Q: During North American Occupational Safety and Health Week, what’s one safety tip or message you’d like all employees to remember?
A: Taking a moment to check your surroundings at work or in your personal life. Check the equipment you are using, before any high-risk task including something as ordinary as driving, stopping to see how you are feeling both physically and mentally can prevent injuries and close calls. If something doesn’t feel right, speak up and ask questions. Safety starts with awareness, and everyone has a role in looking out for themselves and each other.

Q: How can employees best partner with the OHS team or reach out if they have questions or concerns about workplace safety?
A: Raise concerns with your direct supervisor who can engage OHS for support. Access resources, tools, support or guidance such as mental health or Safety Data Sheets for chemicals. Volunteer for a fire warden or first aider role for the corporate offices. Join your workplace health and safety committee.

Q: Tell us something fun about your team – or you individually!

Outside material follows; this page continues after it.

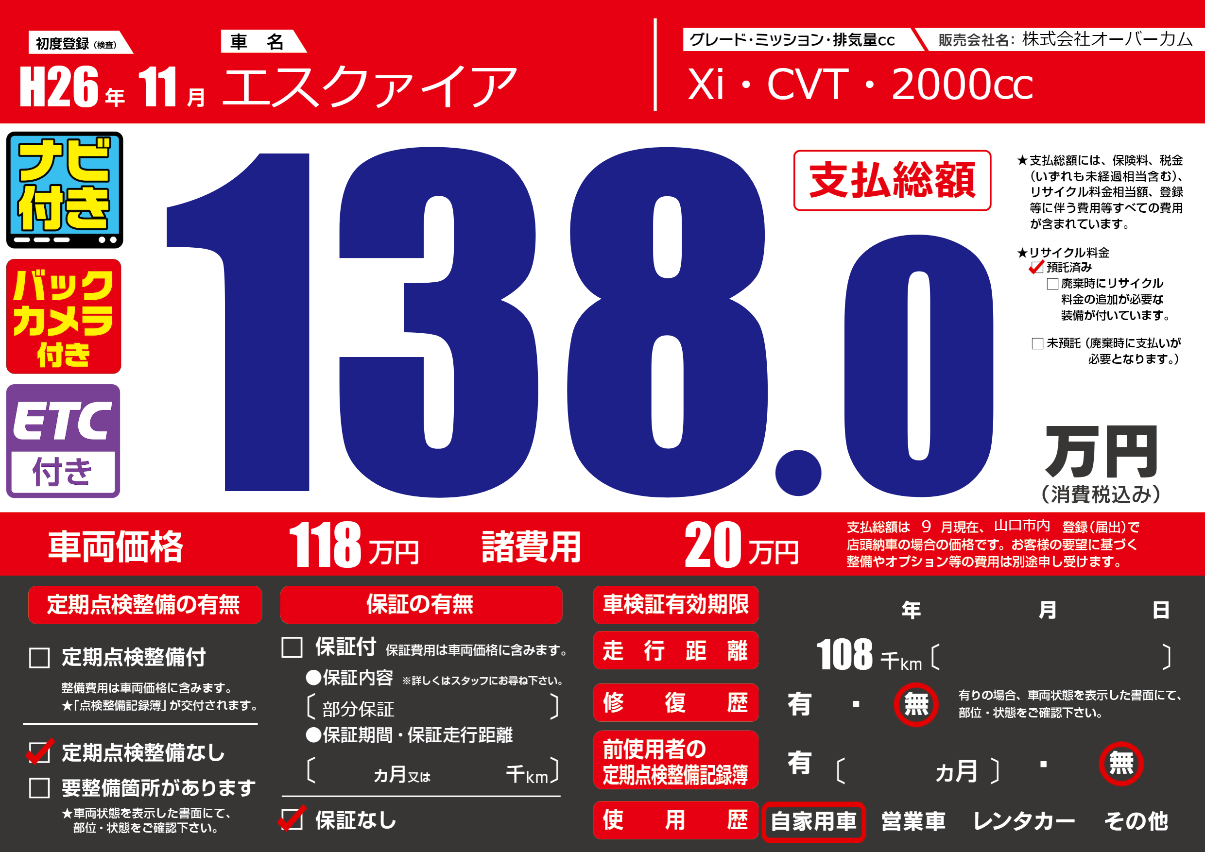 | 走行キロ | 10.8万km | 初年度登録 | H26年11月 |

A: This job like many others at Ornge can be quite demanding at times so we like to have a lot of fun and those who know us have seen the “work family” dynamics in action. We made a pact several years ago that we can’t all be miserable on the same day.  We have kept our word by reminding each other of that periodically. Base visits always end in some comical story about our travels together. Arguing about who is going to drive next or who is the better driver. Julia, Dawn and I have been working closely together for over 11 years and when Gagan and Tom joined the team it filled the gap we needed to become a well-rounded competent squad. When it comes down to it, we always have each other’s backs and love what we do.